• [Problem to work on]:
Please write out exactly, without any picture, each line from the first in the listing through the line that includes "Figure 3. CRISPR-mutation".

• [Given material]:

*** Block opens ***

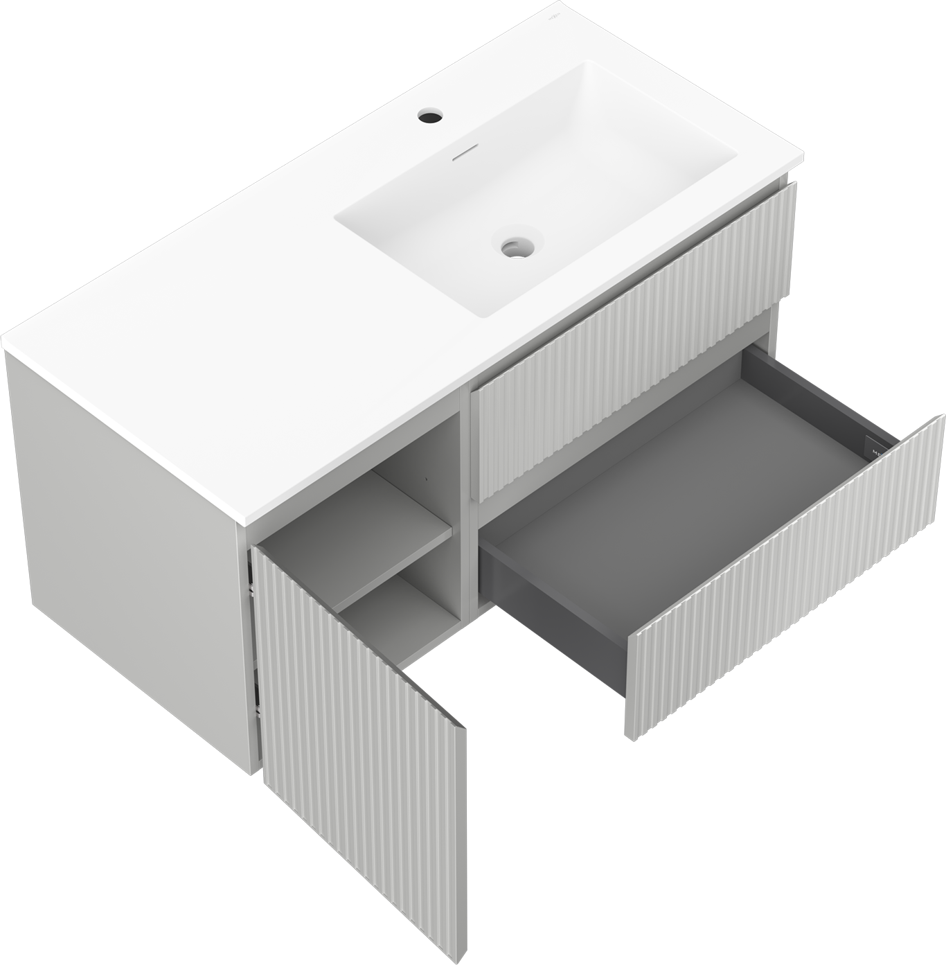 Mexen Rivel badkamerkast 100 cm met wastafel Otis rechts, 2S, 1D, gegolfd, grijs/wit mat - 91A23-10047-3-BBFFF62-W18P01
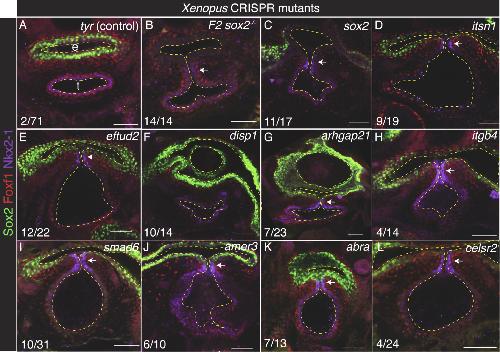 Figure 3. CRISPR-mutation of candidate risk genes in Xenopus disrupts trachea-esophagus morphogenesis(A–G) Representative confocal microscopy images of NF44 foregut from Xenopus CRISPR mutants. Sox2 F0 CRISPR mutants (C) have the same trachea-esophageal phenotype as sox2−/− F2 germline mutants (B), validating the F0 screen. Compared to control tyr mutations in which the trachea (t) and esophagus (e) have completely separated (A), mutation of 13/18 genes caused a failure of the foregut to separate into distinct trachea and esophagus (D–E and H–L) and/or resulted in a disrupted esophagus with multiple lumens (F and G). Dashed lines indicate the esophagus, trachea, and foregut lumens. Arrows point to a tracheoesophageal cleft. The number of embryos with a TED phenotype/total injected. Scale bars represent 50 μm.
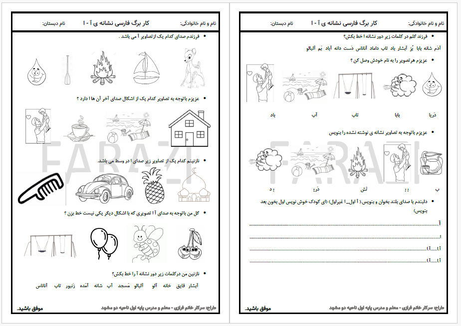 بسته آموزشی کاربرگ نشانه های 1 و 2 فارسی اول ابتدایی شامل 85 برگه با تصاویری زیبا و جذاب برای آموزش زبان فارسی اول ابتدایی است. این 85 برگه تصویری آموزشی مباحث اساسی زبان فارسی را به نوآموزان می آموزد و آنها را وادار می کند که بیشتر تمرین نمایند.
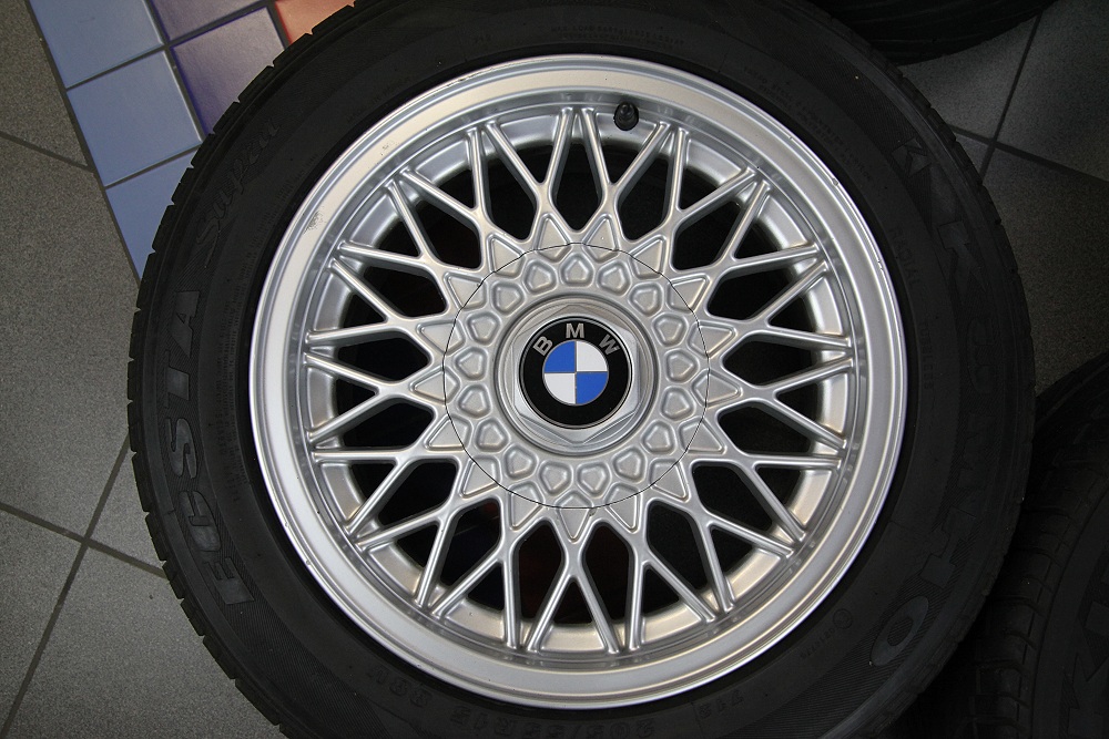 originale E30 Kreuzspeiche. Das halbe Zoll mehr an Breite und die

*** Block closes ***

• [Result for this exercise]:
 Mexen Rivel badkamerkast 100 cm met wastafel Otis rechts, 2S, 1D, gegolfd, grijs/wit mat - 91A23-10047-3-BBFFF62-W18P01
 Figure 3. CRISPR-mutation of candidate risk genes in Xenopus disrupts trachea-esophagus morphogenesis(A–G) Representative confocal microscopy images of NF44 foregut from Xenopus CRISPR mutants. Sox2 F0 CRISPR mutants (C) have the same trachea-esophageal phenotype as sox2−/− F2 germline mutants (B), validating the F0 screen. Compared to control tyr mutations in which the trachea (t) and esophagus (e) have completely separated (A), mutation of 13/18 genes caused a failure of the foregut to separate into distinct trachea and esophagus (D–E and H–L) and/or resulted in a disrupted esophagus with multiple lumens (F and G). Dashed lines indicate the esophagus, trachea, and foregut lumens. Arrows point to a tracheoesophageal cleft. The number of embryos with a TED phenotype/total injected. Scale bars represent 50 μm.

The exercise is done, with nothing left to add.